Study material ::
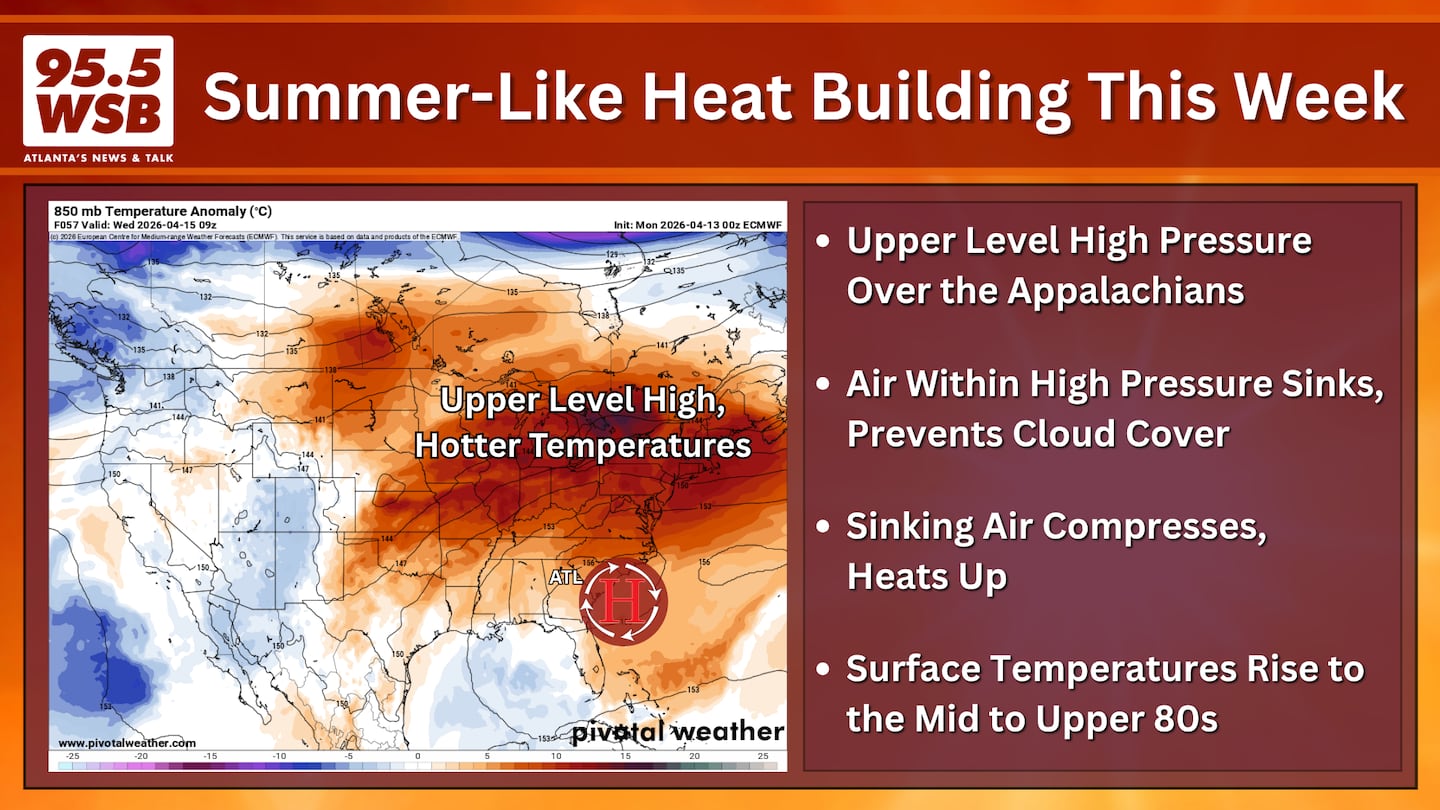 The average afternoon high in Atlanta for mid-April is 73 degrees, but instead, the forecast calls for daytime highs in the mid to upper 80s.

...

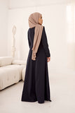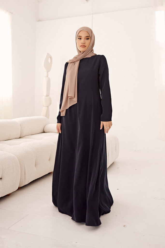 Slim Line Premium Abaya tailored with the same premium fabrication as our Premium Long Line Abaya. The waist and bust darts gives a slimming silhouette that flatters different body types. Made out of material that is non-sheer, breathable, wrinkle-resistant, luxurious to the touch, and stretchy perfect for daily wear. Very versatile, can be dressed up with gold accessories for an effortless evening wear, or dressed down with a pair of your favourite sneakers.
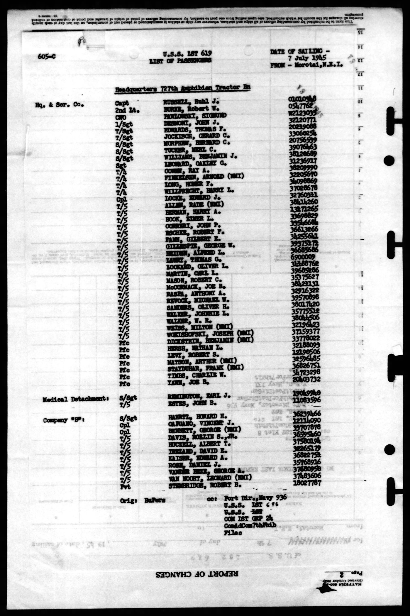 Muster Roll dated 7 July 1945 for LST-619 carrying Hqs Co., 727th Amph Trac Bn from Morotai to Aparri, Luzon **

==

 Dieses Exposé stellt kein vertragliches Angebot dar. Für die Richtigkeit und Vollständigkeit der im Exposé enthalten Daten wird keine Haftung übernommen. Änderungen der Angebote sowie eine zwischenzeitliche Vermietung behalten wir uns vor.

What is needed :: Print the part of the listing above that opens with the line containing "Slim Line Premium" and closes with the line containing "Muster Roll dated". Copy it exactly, both ends included, and omit the pictures.

Result of the task ::
 Slim Line Premium Abaya tailored with the same premium fabrication as our Premium Long Line Abaya. The waist and bust darts gives a slimming silhouette that flatters different body types. Made out of material that is non-sheer, breathable, wrinkle-resistant, luxurious to the touch, and stretchy perfect for daily wear. Very versatile, can be dressed up with gold accessories for an effortless evening wear, or dressed down with a pair of your favourite sneakers.
 Muster Roll dated 7 July 1945 for LST-619 carrying Hqs Co., 727th Amph Trac Bn from Morotai to Aparri, Luzon **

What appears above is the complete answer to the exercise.